Data
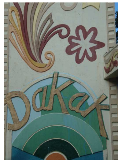
Shrine of Jose Rizal in Dapitan and Dakak
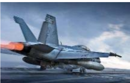
An F/A-18F Super Hornet launches off the deck of an aircraft carrier.
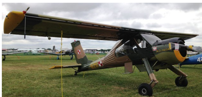
Polish PZL-104 Wilga STOL (at Warbirds)
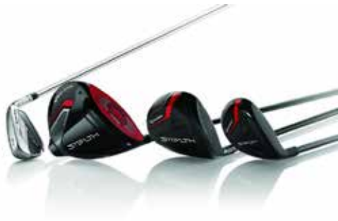
TaylorMade Stealth Family
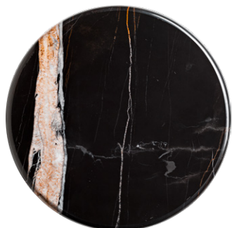
SAHARA NOIR (MA2)
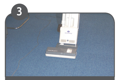
Thoroughly vacuum the carpet.
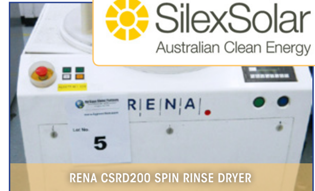
RENA CSRD200 SPIN RINSE DRYER
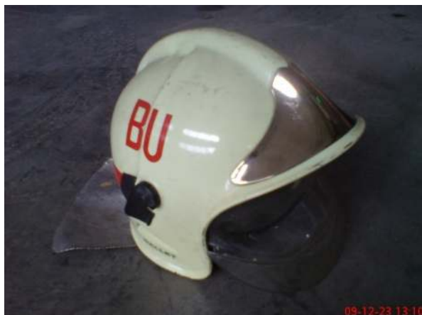
Picture 5: Draeger Gallet sortie helmet for firemen. (Own picture, 2009.)

manufacturers. They basically differ in the design and cippable devices, equipments. Suggested period of time to wear: 5-15 years
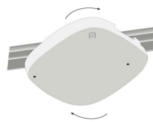
Figure 3 AP5010 access point ceiling install
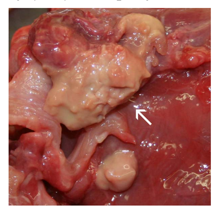
06W15341: Enlarged lymph nodes (arrowhead) from a mountain lion kitten. Histologically there was necrotizing lymphadenitis with intralesional Y . pestis.

Information on plague in cats (small domestic kind) can be found in the WSVL 2005 disease updates. http://wyovet.uwyo.edu/Diseases_2005.asp
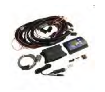
B&M Shift Plus 2 Transmission Controller #120001

NOTE: Complement your B&M TransKit with some of the following products. Check the B&M website at www.bmracing.com for various options:
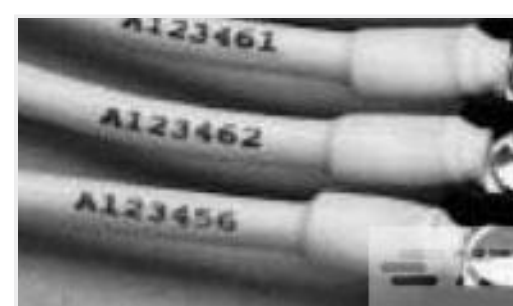
TE Part #5053394020 RNF-100-2-0-SP
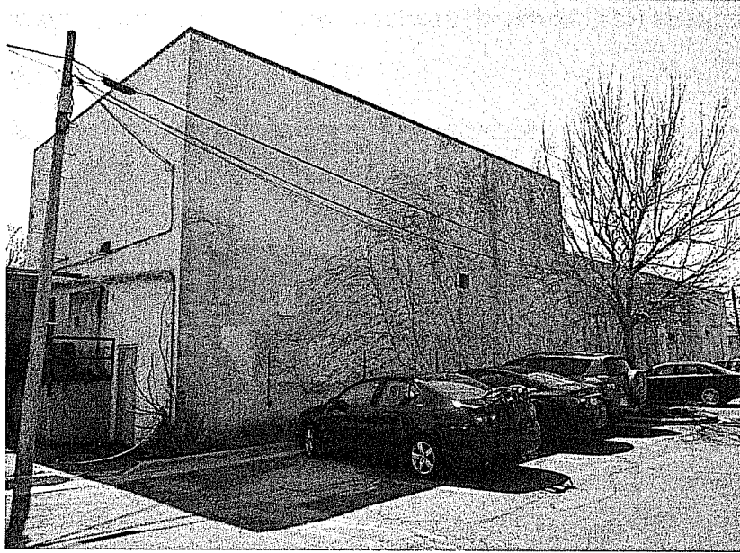
Plan B – Rear of Building – Site of Potential 3 rd Mural
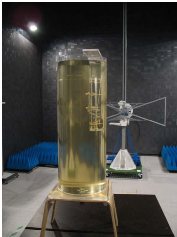
Test set-up, overview from EUT
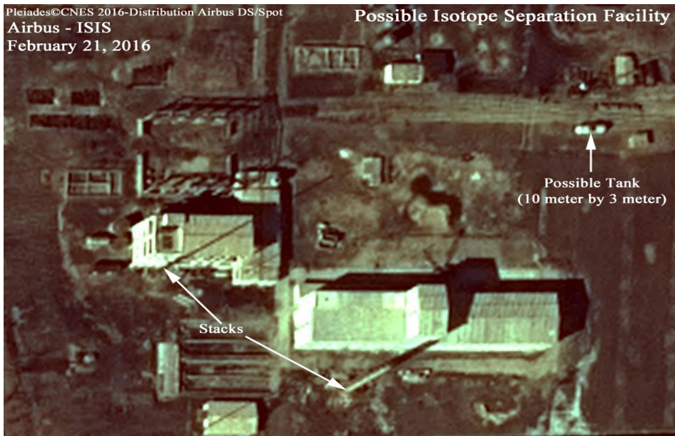
Figure 5. Airbus imagery showing the status of North Korea's possible Isotope Separation Facility on February 21, 2016.
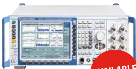
Rohde & Schwarz - CMW-500 Wideband Radio Communication Tester

Instructions to follow
Whenever a line of the listing contains the word "with", it counts; say the total only.

Solution for this task
2